====== RECORDED DATA ======

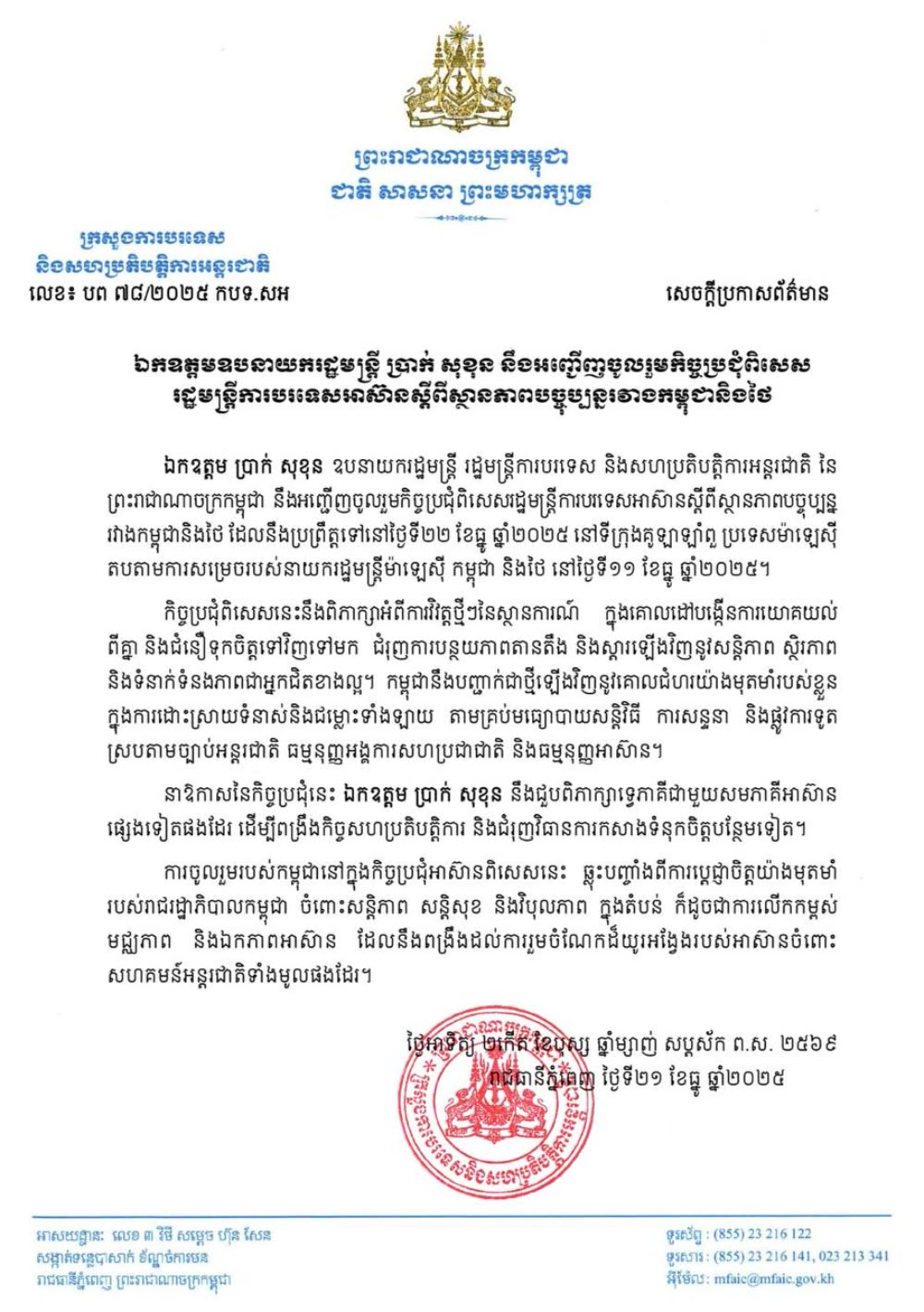 ឯកឧត្តម ប្រាក់ សុខុន ឧបនាយករដ្ឋមន្ត្រី រដ្ឋមន្ត្រីការបរទេស និងសហប្រតិបត្តិការអន្តរជាតិ នៃ ព្រះរាជាណាចក្រកម្ពុជា នឹងអញ្ជើញចូលរួមកិច្ចប្រជុំពិសេសរដ្ឋមន្ត្រីការបរទេសអាស៊ានស្តីពីស្ថានភាពបច្ចុប្បន្ន រវាងកម្ពុជានិងថៃ ដែលនឹងប្រព្រឹត្តទៅនៅថ្ងៃទី២២ ខែធ្នូ ឆ្នាំ២០២៥ នៅទីក្រុងគូឡាឡាំពួ ប្រទេសម៉ាឡេស៊ី តបតាមការសម្រេចរបស់នាយករដ្ឋមន្ត្រីម៉ាឡេស៊ី កម្ពុជា និងថៃ នៅថ្ងៃទី១១ ខែធ្នូ ឆ្នាំ២០២៥។
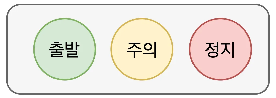 초록불일때는 출발, 노란불일때는 주의, 빨간불일때는 정지를 해주어야함
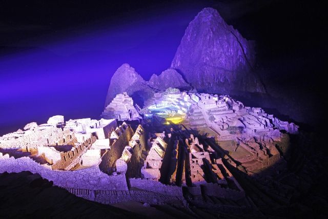El momento más espectacular de la noche se inició cuando un gran despliegue de luces iluminó toda la ciudadela y el Huayna Picchu, la montaña que acompaña a Machu Picchu como fondo de las más famosas fotografías del lugar.
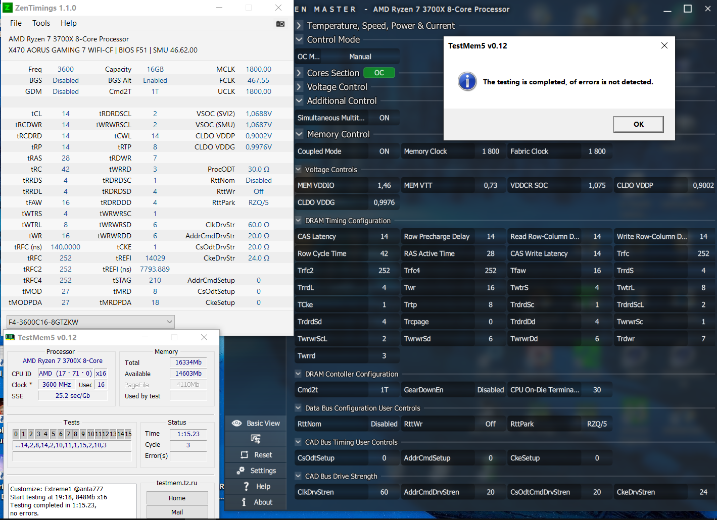 В чем суть дела: Хочу частоту 3466. Изучив даташиты матери понял, что ей это по зубам. При установке данной частоты память не крашиться, все, но ошибки в MT5 есть и их много. Играл с таймингами, с CAD_BUS, играл с напряжением / частотой но так и не добился того, чего желал. Минимальное количество ошибок методом перебора таймингов: одна минута в МТ5 с пресетом Basic: 14 ошибок. В данный момент стабильно работает вот так:
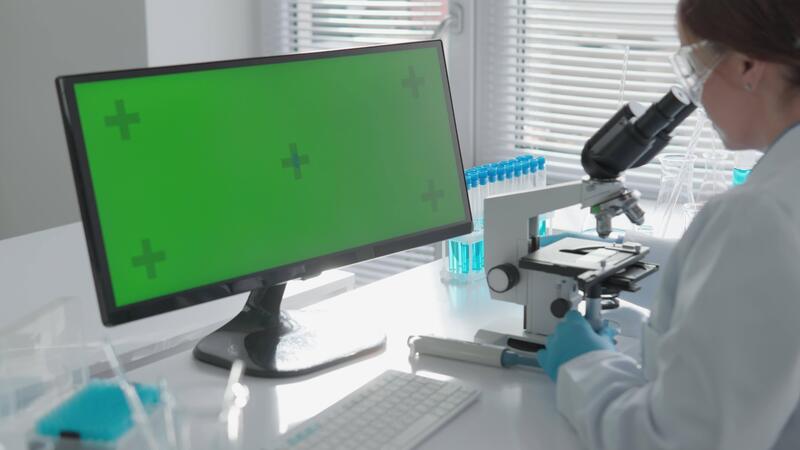 nel un' laboratorio, un' ricercatore nel un' bianca cappotto esamina un' campione sotto un' microscopio, mentre un' nelle vicinanze computer viene visualizzato un' luminosa verde schermo, mostrando un importante, in corso studia nel Tech e scienza Video Pro

======

Each line of the data must be transcribed exactly; pictures are not carried over.

(SOLUTION):
 ឯកឧត្តម ប្រាក់ សុខុន ឧបនាយករដ្ឋមន្ត្រី រដ្ឋមន្ត្រីការបរទេស និងសហប្រតិបត្តិការអន្តរជាតិ នៃ ព្រះរាជាណាចក្រកម្ពុជា នឹងអញ្ជើញចូលរួមកិច្ចប្រជុំពិសេសរដ្ឋមន្ត្រីការបរទេសអាស៊ានស្តីពីស្ថានភាពបច្ចុប្បន្ន រវាងកម្ពុជានិងថៃ ដែលនឹងប្រព្រឹត្តទៅនៅថ្ងៃទី២២ ខែធ្នូ ឆ្នាំ២០២៥ នៅទីក្រុងគូឡាឡាំពួ ប្រទេសម៉ាឡេស៊ី តបតាមការសម្រេចរបស់នាយករដ្ឋមន្ត្រីម៉ាឡេស៊ី កម្ពុជា និងថៃ នៅថ្ងៃទី១១ ខែធ្នូ ឆ្នាំ២០២៥។
 초록불일때는 출발, 노란불일때는 주의, 빨간불일때는 정지를 해주어야함
El momento más espectacular de la noche se inició cuando un gran despliegue de luces iluminó toda la ciudadela y el Huayna Picchu, la montaña que acompaña a Machu Picchu como fondo de las más famosas fotografías del lugar.
 В чем суть дела: Хочу частоту 3466. Изучив даташиты матери понял, что ей это по зубам. При установке данной частоты память не крашиться, все, но ошибки в MT5 есть и их много. Играл с таймингами, с CAD_BUS, играл с напряжением / частотой но так и не добился того, чего желал. Минимальное количество ошибок методом перебора таймингов: одна минута в МТ5 с пресетом Basic: 14 ошибок. В данный момент стабильно работает вот так:
 nel un' laboratorio, un' ricercatore nel un' bianca cappotto esamina un' campione sotto un' microscopio, mentre un' nelle vicinanze computer viene visualizzato un' luminosa verde schermo, mostrando un importante, in corso studia nel Tech e scienza Video Pro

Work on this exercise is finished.